TASK ITEM ->
Transcribe every line below exactly; no image goes into the output.

SUPPLIED INFORMATION: Begin

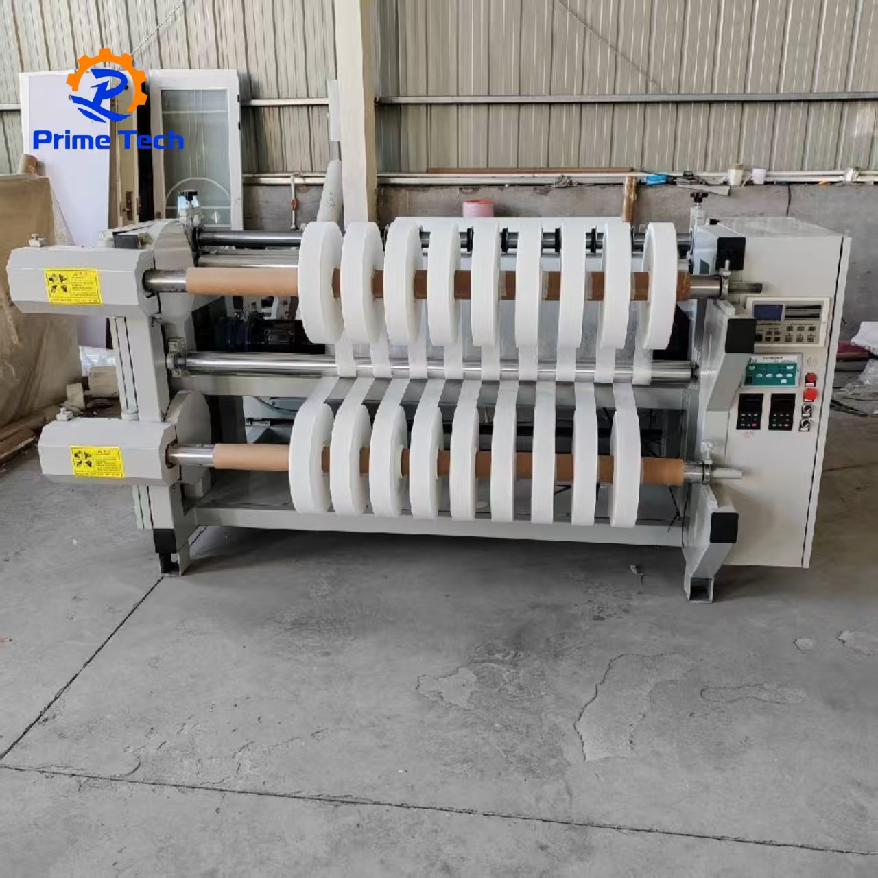 This industrial slitting machine is used for longitudinal slitting and rewinding of various flexible and roll materials, converting wide rolls into multiple narrow rolls with precise width control.
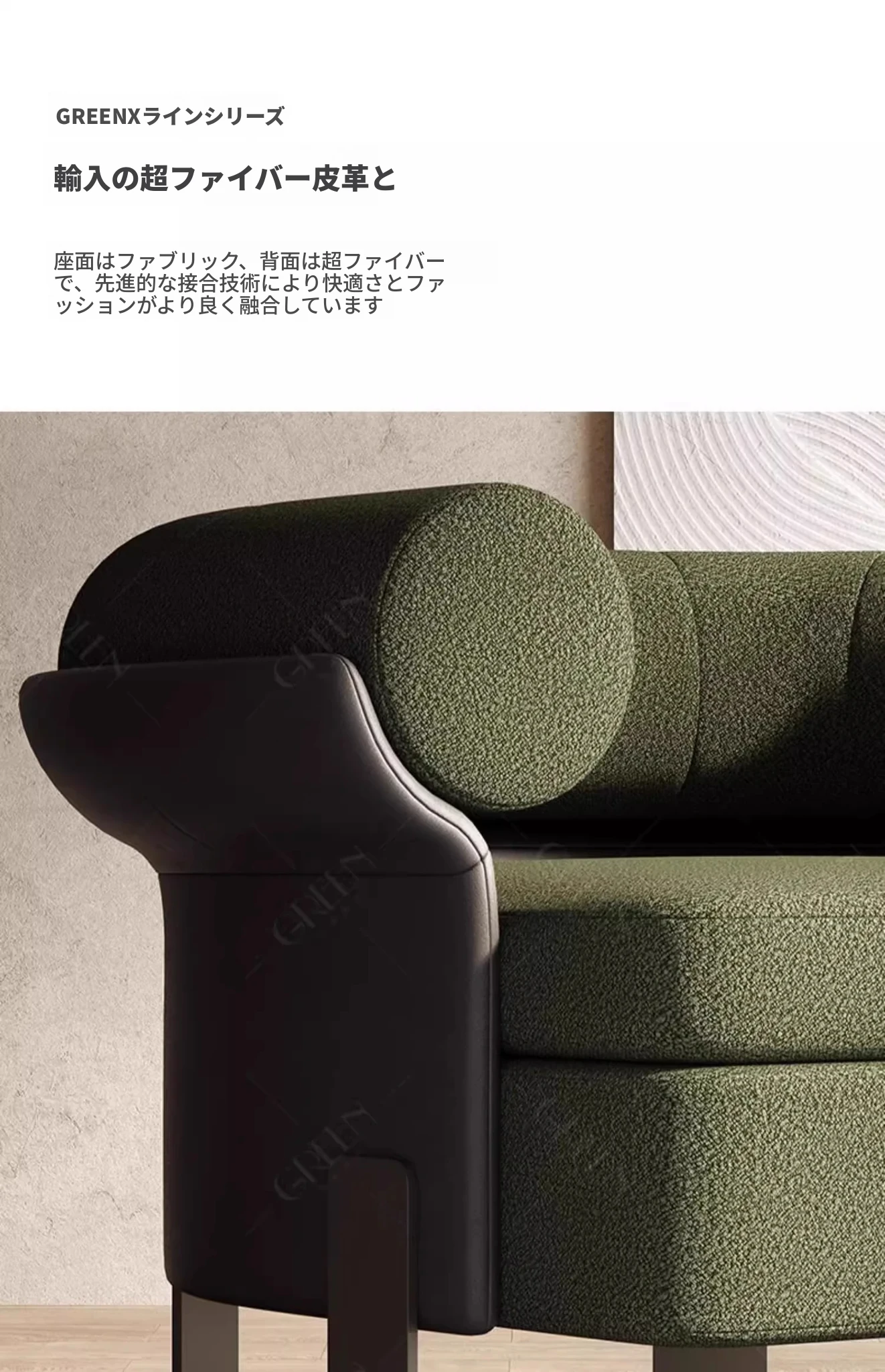 レトログリーンソファチェア(ラムフリース+ナッパレザー)
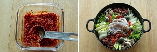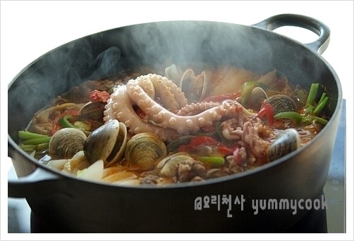 끓는 육수를 준비한 재료 위에 붓고 상위에서 끓이면서 드시면 됩니다 ^^*
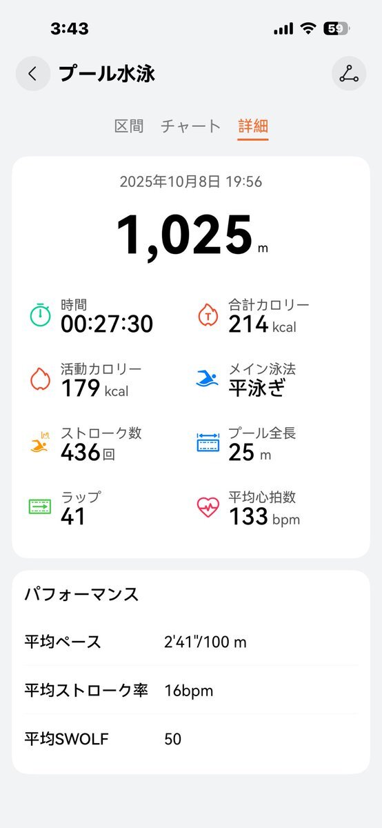 2025/10/08(水) 🐬水泳報告7日目🐬 距離:1025m 平泳ぎ+クロール 時間:26:54 一言:少しずつクロールやっても呼吸に余裕が出てきて面白くなってきた。クロールで楽に長く泳げるようになりたい #ダイエット #ダイエット垢と繋がりたい #有酸素運動 #脱スマホ #夜活 pic.x.com/UFZ2WeEJKb

SUPPLIED INFORMATION: End

OUTPUT OF THE EXERCISE ->
 This industrial slitting machine is used for longitudinal slitting and rewinding of various flexible and roll materials, converting wide rolls into multiple narrow rolls with precise width control.
 レトログリーンソファチェア(ラムフリース+ナッパレザー)
 끓는 육수를 준비한 재료 위에 붓고 상위에서 끓이면서 드시면 됩니다 ^^*
 2025/10/08(水) 🐬水泳報告7日目🐬 距離:1025m 平泳ぎ+クロール 時間:26:54 一言:少しずつクロールやっても呼吸に余裕が出てきて面白くなってきた。クロールで楽に長く泳げるようになりたい #ダイエット #ダイエット垢と繋がりたい #有酸素運動 #脱スマホ #夜活 pic.x.com/UFZ2WeEJKb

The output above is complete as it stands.